Ее желание принимать учеников (о чем она ясно говорит в конце своего выступления) без всякого благословения свыше указывает на то, что сердце Матаджи Арчи, к сожалению, еще полно различных анартх. Кто ее живой духовный наставник? Кого из старших она реально слушается? Кого из ныне живущих вайшнавов она готова послушать и принять? Когда произошла временная духовная проблема у ее дикша-гуру, она поспешила заявить, что «своим уходом вы освободили меня». Я не знаю, под чьим непосредственным руководством она духовно развивается и ищет ли она это руководство? А если этого руководства нет, то кто может быть застрахован от ошибок и отклонений?

И если процесс АН столь безболезнен и прост (как она утверждает), то почему Матаджи Арчи так сокрушается о своей перечеркнутой судьбе? Почему она обижается и проявляет все признаки страдающего человека? Никто не спорит с тем, практика Бхакти радостна и процесс очищения тоже радостный, но мы знаем из истории, что почти все святые вынуждены были также пройти через большие страдания (Прахлад, Читракету, Харидас Тхакур, Иисус Христос и т.д.). Страдания могут ощущаться на уровне чувств и ума, т.к. они контактируют с материей. А на уровне души этот преданный испытывает радость очищения. Например, в ШБ 6.17.17 (Мать Парвати проклинает Читракету) в коментарии Шрила Прабхупада пишет: «Преданный по природе очень смирен и покорен. Поэтому он принимает любые условия жизни как благословение Господа. Тат те нукампа сусамикшамано (ШБ 10.14.8) . Преданный всегда принимает любое наказание как милость Господа. Если человек живет с таким пониманием жизни, он видит, что все трудности происходят с ним в результате его собственных прошлых ошибок, и потому он никогда никого ни в чем не обвиняет. Напротив, он все больше привязывается к Верховной Личности Бога, т.к. он ОЧИЩАЕТСЯ ЧЕРЕЗ СТРАДАНИЯ. ПОЭТОМУ СТРАДАНИЯ ТАКЖЕ ЯВЛЯЮТСЯ ПРОЦЕССОМ ОЧИЩЕНИЯ». Из этих слов Шрилы Прабхупады следует, что страдание также может быть частью процесса очищения. Не думаю, что Матаджи Арчи будет с этим спорить.

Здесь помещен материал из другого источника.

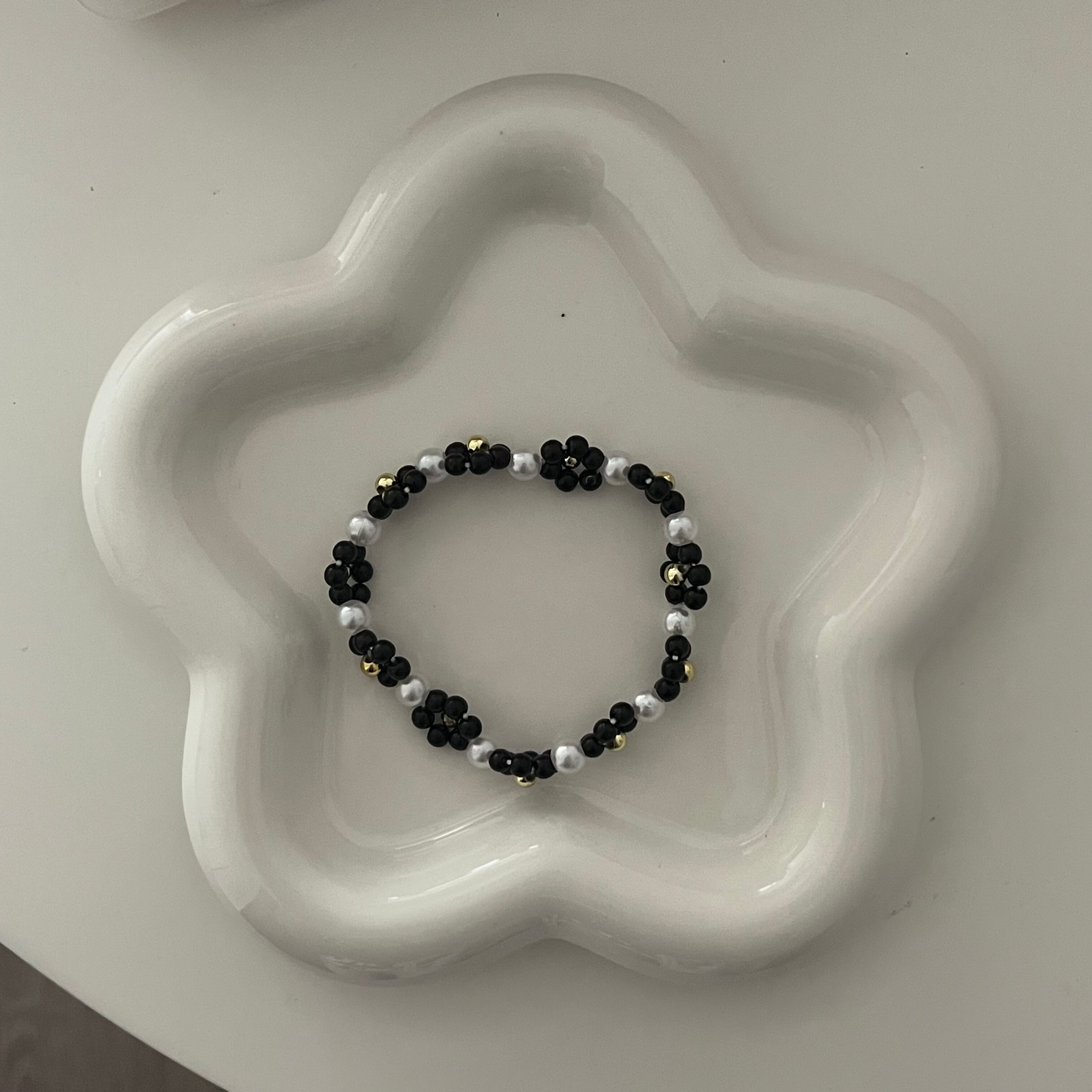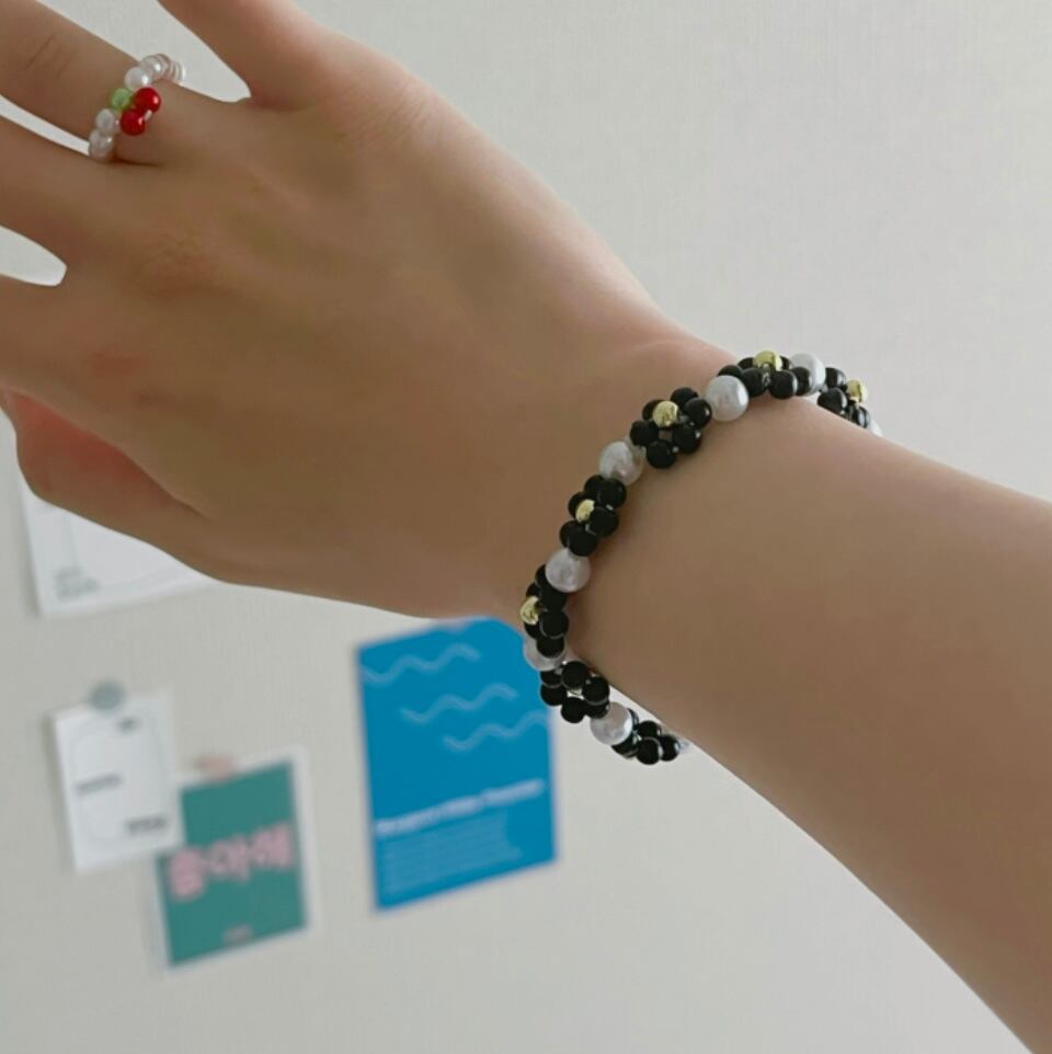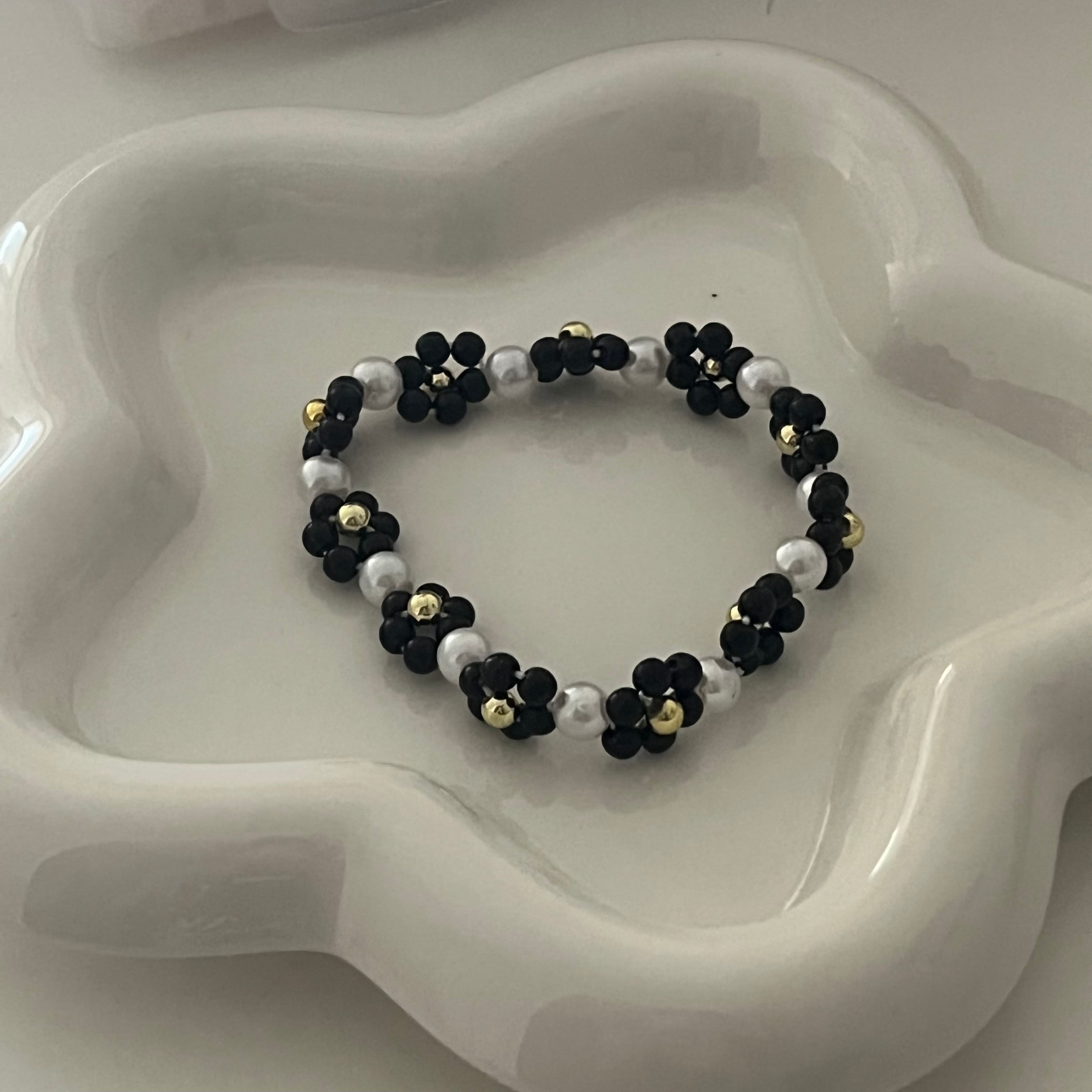 【black flower bracelet】ビーズブレスレット⭐︎韓国アクセサリー

Хочется надеяться, что нынешние трудности она тоже воспринимает как процесс очищения. И если это так, то значит, есть от чего очищаться, И, СЛЕДОВАТЕЛЬНО, ПРОЦЕСС АНАРТХА-НИВРИТТИ ЕЩЕ НЕ ЗАВЕРШЕН. Ведь даже уровень садхана-бхакти характеризуется такими признаками как освобождение от страданий (клеша-гхни) и шубхада (развитие всех благоприятных качеств). А Матаджи Арчи явно намекает на то, что она уже имеет личную расу с Кришной. А ведь раса – это уже уровень Према-бхакти, а не уровень садханы. И если качеств явно не хватает, а страдания налицо, это значит, что процесс АН еще идет и до расы еще далеко. Даже счастье в гуне-благости (что уж говорить о духовном счастье) сначала подобно яду, а в конце подобно нектару по свидетельству Бхагавад-гиты. Поэтому процесс АН вполне может приносить душе неприятные ощущения, как и любой процесс излечения от болезни не всегда приятен. 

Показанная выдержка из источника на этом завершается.